Haunting of Hill House

Jackson, Shirley. The Haunting of Hill House. Pengin Horror, 2013.

Reason read: October is the time for spooky stories. I also needed a story where the house is central to the plot for the Portland Public Library Reading Challenge. This fit the bill.

Any story endorsed by Stephen King is going to be a thriller. At least, one would think. Such is the case with The Haunting of Hill House. I was thrilled with it. Jackson is masterful at making an old mansion come alive in subtle, yet ominous ways. For starters, the house is built all wrong. Jackson obviously understood that symmetry is the key to desired beauty, so to make something ugly it has to be confusing with uneven angles that defy logic. Sightlines would not make sense. Doors have to lead nowhere. Staircases turn inhabitants around to the point of dizzying confusion. Despite all this, a certain Dr. Montegue has heard all the rumors about Hill House and cannot wait to investigate the so-called haunted house. He has been waiting for a house like this all his life. His “guests” Eleanor Vance and Theodora (first name only Theodora) join him and the heir to Hill House, Luke Sanderson, in a quest to search out the ghosts and paranormal activity.
Rules of the house: try not to close any doors, keep lights on at all times, don’t try to leave the house at night, never get separated and/or try to do everything together. It goes wothout saying, they all fail at one or all of these commands at one time or another. Hill House starts to show its personality when it first drops the tempature. The colder the room, the closer the threat. Then it tries to get the group to break up by masterfully turning them against one another. Eleanor is the obvious weakest link. She feel empty before even coming to Hill House. The death of her mother weighs on her and guilt threatens to strangle her at every quiet moment. Guess who falls prey to the house?

As an aside, my father-in-law was not a fan of neither the book nor the movie. I’m not sure why. Since it’s October, I watched both versions of the remake. I can’t tell you which one I liked better. The 1963 version was more true to the novel, but the 1999 version was scarier (people actually die in the latter version).

Author fact: Jackson died in North Bennington, Vermont. Just up the road from me.

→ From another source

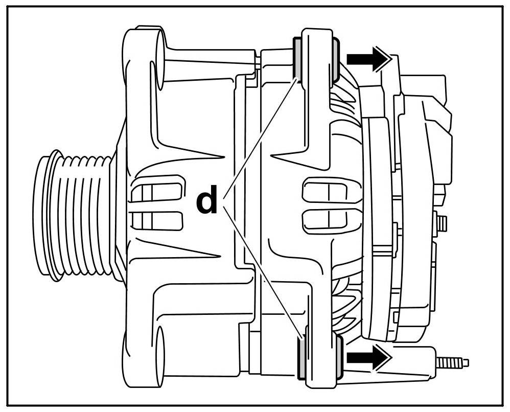 - Before installing the new generator, tap the threaded bushings -d- out by approx. 4 mm -arrows-.

Book trivia: The Haunting of Hill House was a finalist for the National Book Award in 1959. It was also made into a kooky little movie in 1963.

Nancy said: Pearl had lots to say about The Haunting of Hill House. She said it cemented Jackson’s reputation (despite two bad movies). She called it a classic that has been “scaring people” since it was first written. She also said it was a “superb” example of the range horror fiction.

BookLust Twist: from Book Lust twice, once in the chapter called “Ghost Stories” (p 100) and again, in the chapter called “Science Fiction, Fantasy, and Horror” (p 217). A little redundant.

Lottery

Jackson, Shirley. The Lottery. Amereon Limited, 1976.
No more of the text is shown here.